■ **Given information**:
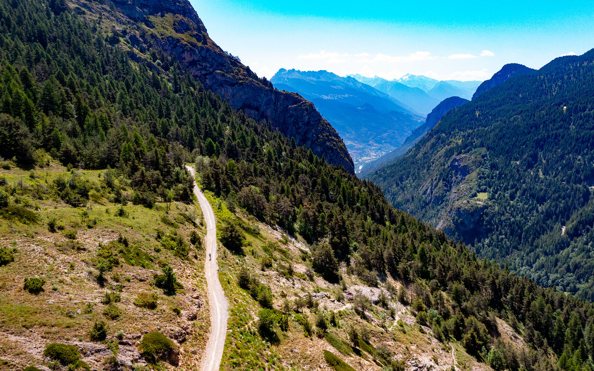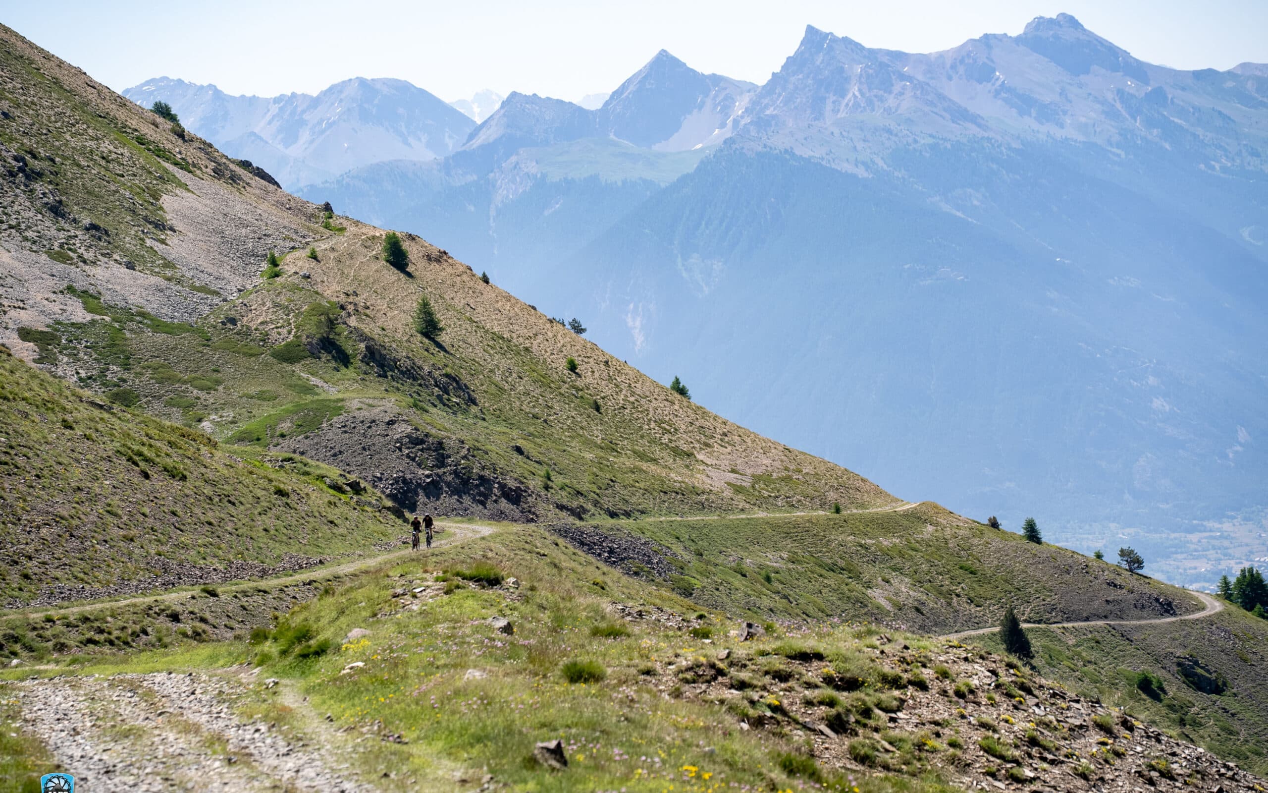 Le deuxième jour est une étape de transition qui nous amène à Saint-Chaffrey. Après une rapide montée roulante, nous empruntons une magnifique descente sur Vallouise. C’est un single naturel en bord de ruisseau, avec du grip, de la bonne terre, des racines, un pur régal. Nous arrivons une fois de plus à quatre au pied de la deuxième difficulté. Il semblerait que nous n’allons pas nous lâcher de toute la semaine. La deuxième montée est très exigeante et ses pentes raides nous imposent de descendre du vélo régulièrement.
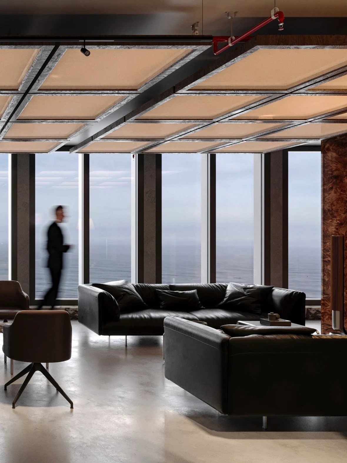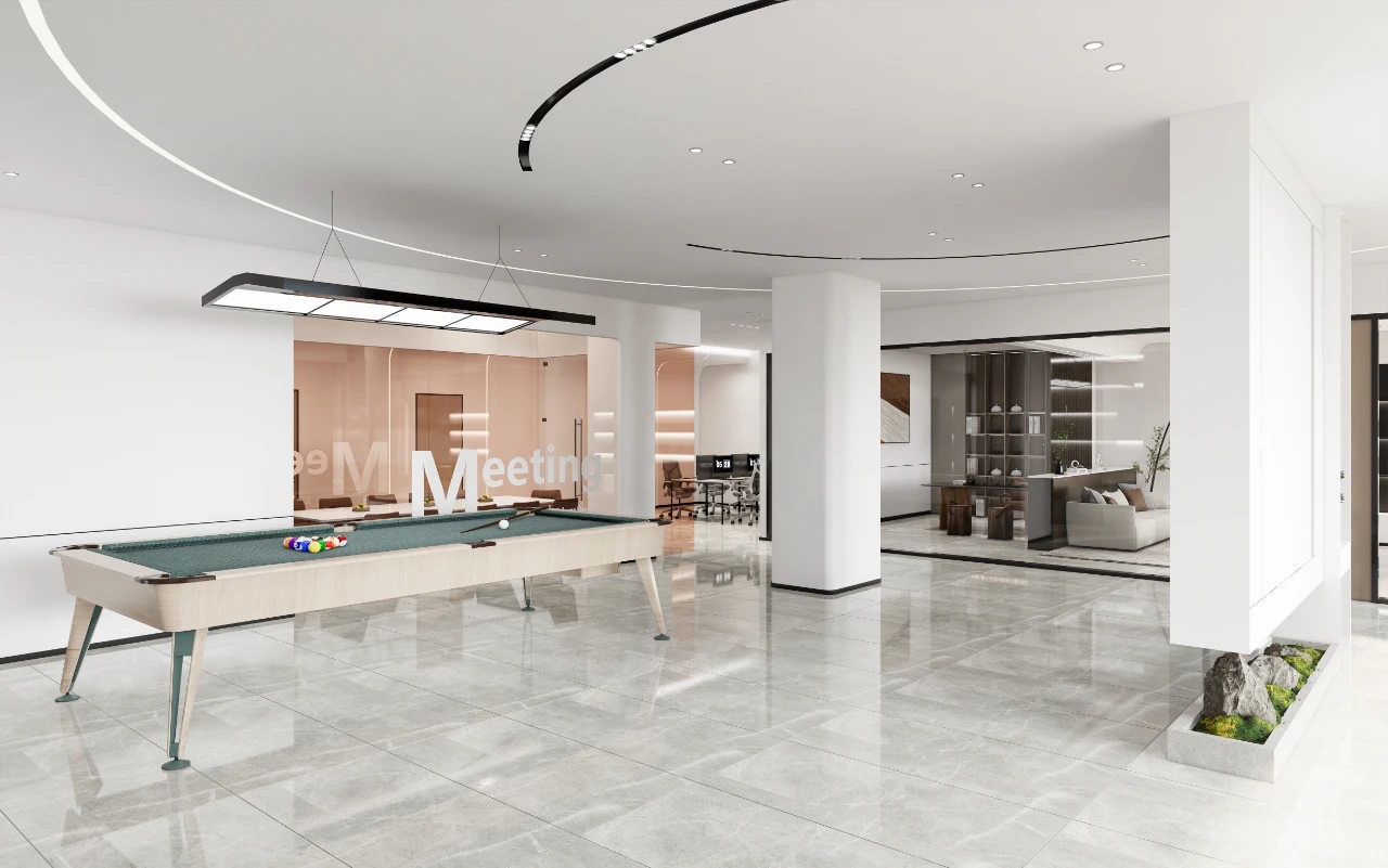 iDA Workplace 为 Roku 台北办公室设计了流媒体控制器符号、大胆的紫色元素、当地特色以及温暖、富有创意的沟通空间,以增强协作和效率。11楼大厅的迎宾形象取自新竹著名的百岳山,是西万尼亚山的等高线地形图。顶部和底部的曲线交错,层层毛毡和间接灯带营造出山云顶部的渐变效果。
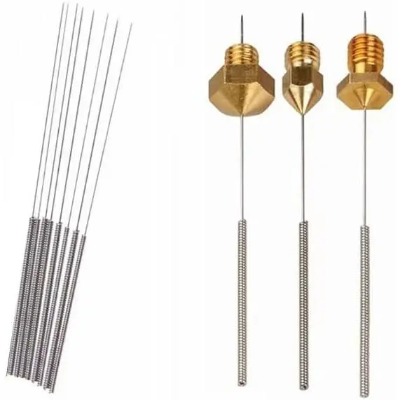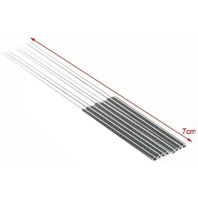 Package Include: 100 count 0.4 mm 3D printer nozzle cleaning . Nozzle cleaner 3d printer is made of high-quality stainless steel material, durable and flexible, easy to bend. Total length: 70 mm (The length of shank: 30 mm, The bit length: 40 mm)
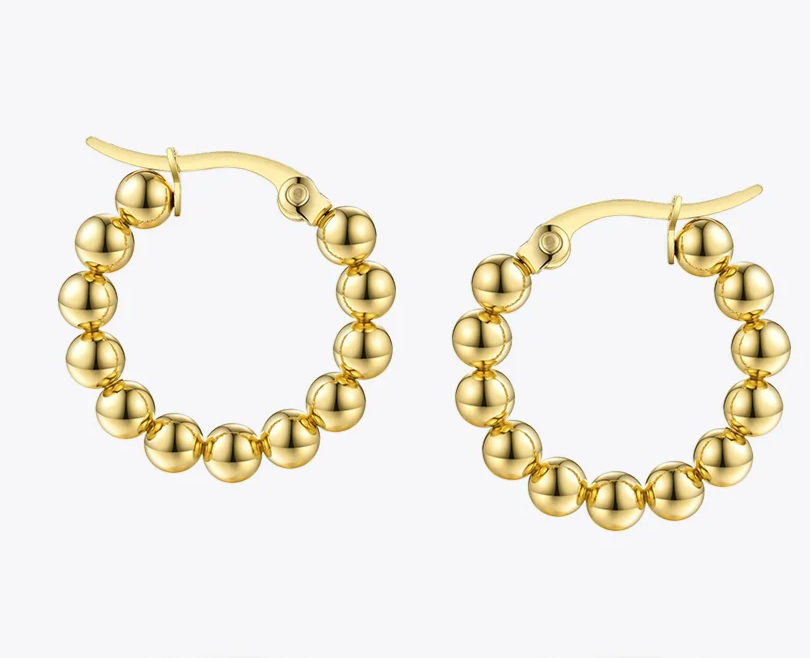 Small Gold Ball Hoop Earrings Round Comfortable Gold Plated Stainless Steel

■ **Assigned task**:
Once more, give the listing above exactly, leaving each picture out.

■ **Output of the task**:
 Le deuxième jour est une étape de transition qui nous amène à Saint-Chaffrey. Après une rapide montée roulante, nous empruntons une magnifique descente sur Vallouise. C’est un single naturel en bord de ruisseau, avec du grip, de la bonne terre, des racines, un pur régal. Nous arrivons une fois de plus à quatre au pied de la deuxième difficulté. Il semblerait que nous n’allons pas nous lâcher de toute la semaine. La deuxième montée est très exigeante et ses pentes raides nous imposent de descendre du vélo régulièrement.
 iDA Workplace 为 Roku 台北办公室设计了流媒体控制器符号、大胆的紫色元素、当地特色以及温暖、富有创意的沟通空间,以增强协作和效率。11楼大厅的迎宾形象取自新竹著名的百岳山,是西万尼亚山的等高线地形图。顶部和底部的曲线交错,层层毛毡和间接灯带营造出山云顶部的渐变效果。
 Package Include: 100 count 0.4 mm 3D printer nozzle cleaning . Nozzle cleaner 3d printer is made of high-quality stainless steel material, durable and flexible, easy to bend. Total length: 70 mm (The length of shank: 30 mm, The bit length: 40 mm)
 Small Gold Ball Hoop Earrings Round Comfortable Gold Plated Stainless Steel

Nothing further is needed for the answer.